FIG. 7 is a flowchart illustrating an image conversion method according to an embodiment of the present disclosure.

Referring to FIG. 1 and FIG. 7, an image conversion method S100 according to the present embodiment includes: a process S110 of inputting a plurality of images into an encoder model; and a process S120 of outputting a compressed single image in which the remaining images are inserted into one of the plurality of images. Then, the final compressed image is input into a decoder model and decompressed into the plurality of images initially input into the encoder model (process S130).

Hereinafter, the encoder model and the decoder model will be described. The encoder model used in the process S110 is machine-learned to compress a plurality of initially input images into a single image by hierarchically compressing the plurality of images into one according to a tree structure, ensuring the final compressed image is identical to one of the initially input images. Herein, when a plurality of images is input into each layer, compression information regarding the order of compression layers is also provided. The compression information includes information about the plurality of images input to each layer.
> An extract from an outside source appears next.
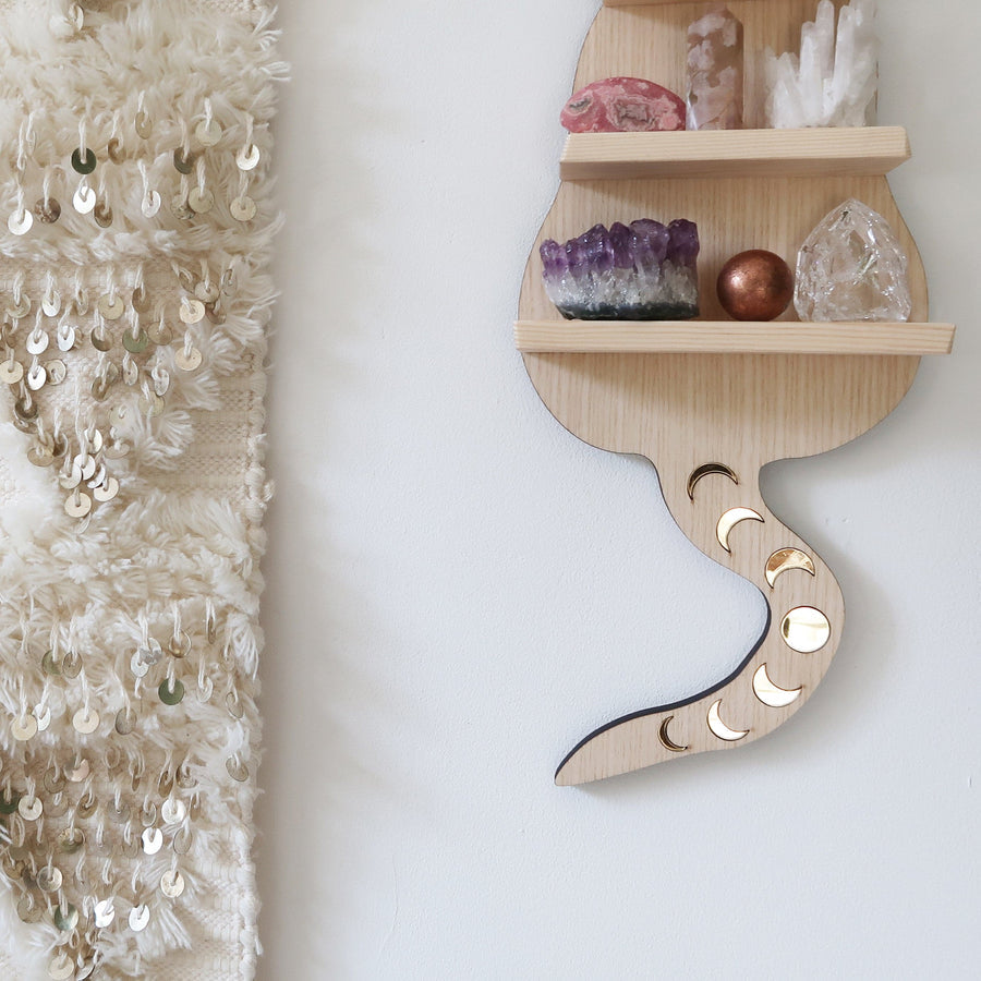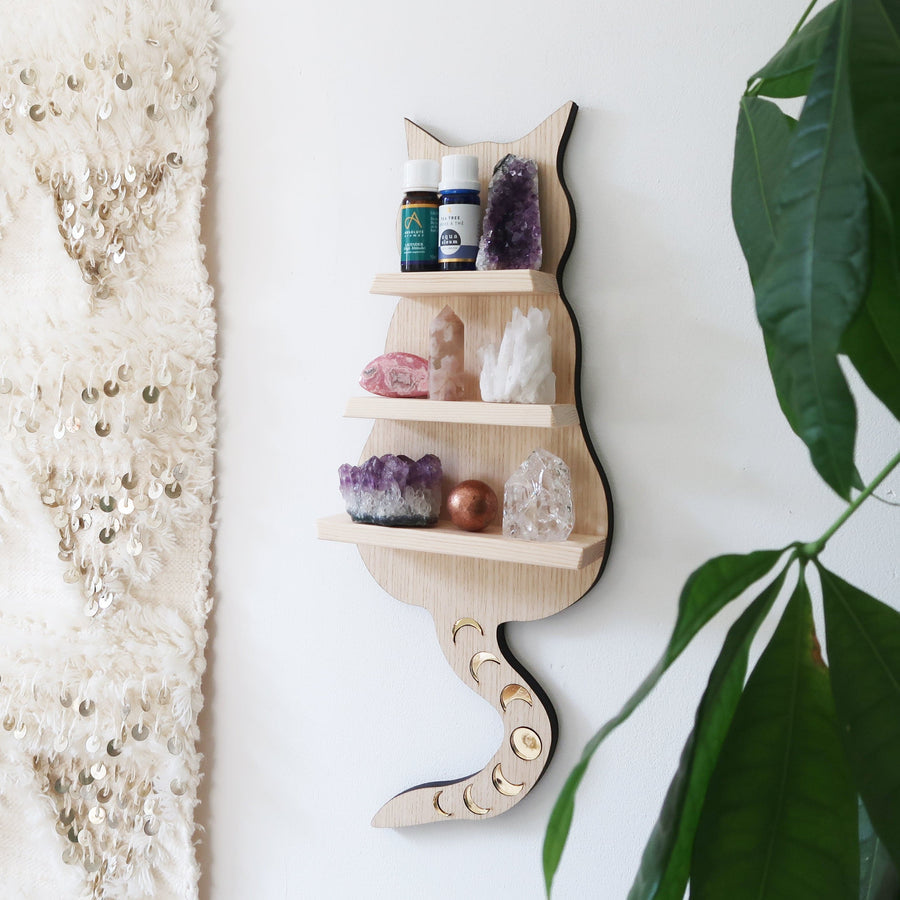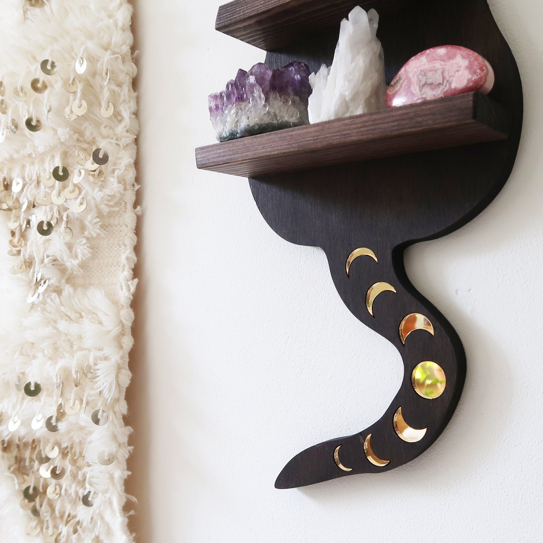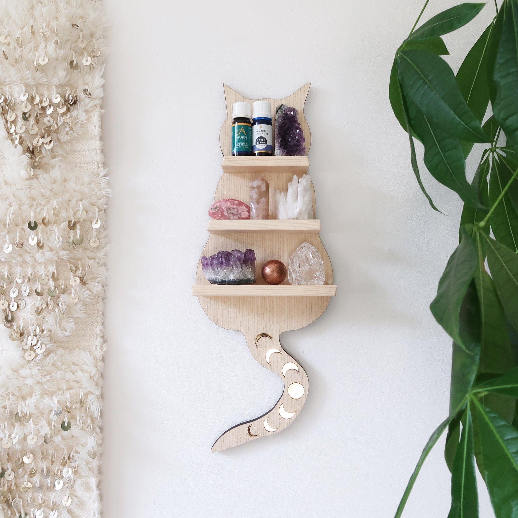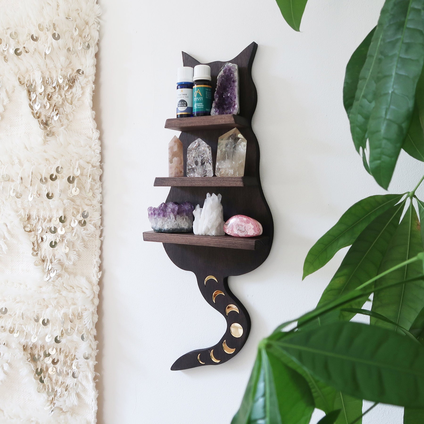 Dieses Olivenorma Dark Light Wood Cat Crystal Shelf wird ein auffälliges Dekor für Ihren Raum sein. Die Größe ist perfekt für kleine Kristalle, Kerzen, Armbänder oder andere Schätze, die Sie ausstellen möchten.

The decoder model used in the process S130 is machine-learned to decompress the final compressed image into the plurality of initial images by hierarchically decompressing the single image into the plurality of images according to the reverse order of the tree structure. Herein, when a single image is input into each layer of the decoder model, decompression information regarding the order of decompression layers is also provided. The decompression information includes information about a plurality of images to be decompressed in each layer.

The decoder model is trained simultaneously with the encoder model for the same layer. The images compressed by the encoder model can be decompressed only by the decoder model which has been trained simultaneously with the encoder model. Further, the encoder model and the decoder model, which have been trained simultaneously, may be separated and used on different devices.

The present disclosure can be embodied in a storage medium including instruction codes executable by a computer such as a program module executed by the computer. A computer-readable medium can be any usable medium which can be accessed by the computer and includes all volatile/non-volatile and removable/non-removable media. Further, the computer-readable medium may include all computer storage media. The computer storage media include all volatile/non-volatile and removable/non-removable media embodied by a certain method or technology for storing information such as computer-readable instruction code, a data structure, a program module or other data.

The method and system of the present disclosure have been explained in relation to a specific embodiment, but their components or a part or all of their operations can be embodied by using a computer system having general-purpose hardware architecture.

It would be understood by a person with ordinary skill in the art that various changes and modifications may be made based on the above description without changing technical conception and essential features of the present disclosure. Thus, it is clear that the above-described embodiments are illustrative in all aspects and do not limit the present disclosure. The scope of the present disclosure is defined by the following claims. It shall be understood that all modifications and embodiments conceived from the meaning and scope of the claims and their equivalents are included in the scope of the present disclosure.

The scope of the present disclosure is defined by the following claims rather than by the detailed description of the embodiment. It shall be understood that all modifications and embodiments conceived from the meaning and scope of the claims and their equivalents are included in the scope of the present disclosure.

Claims

What is claimed is:

1. An image conversion apparatus, comprising:

a memory that stores an image conversion program to compress a plurality of images into a single image or decompress the compressed single image into the plurality of images; and

a processor that executes the image conversion program,

wherein the image conversion program inputs the plurality of images into an encoder model and outputs the compressed single image in which the remaining images are inserted into one of the plurality of images, and

the encoder model is machine-learned to compress a plurality of initially input images into a single image by hierarchically compressing the plurality of images into one according to a tree structure, ensuring the final compressed image is identical to one of the initially input images.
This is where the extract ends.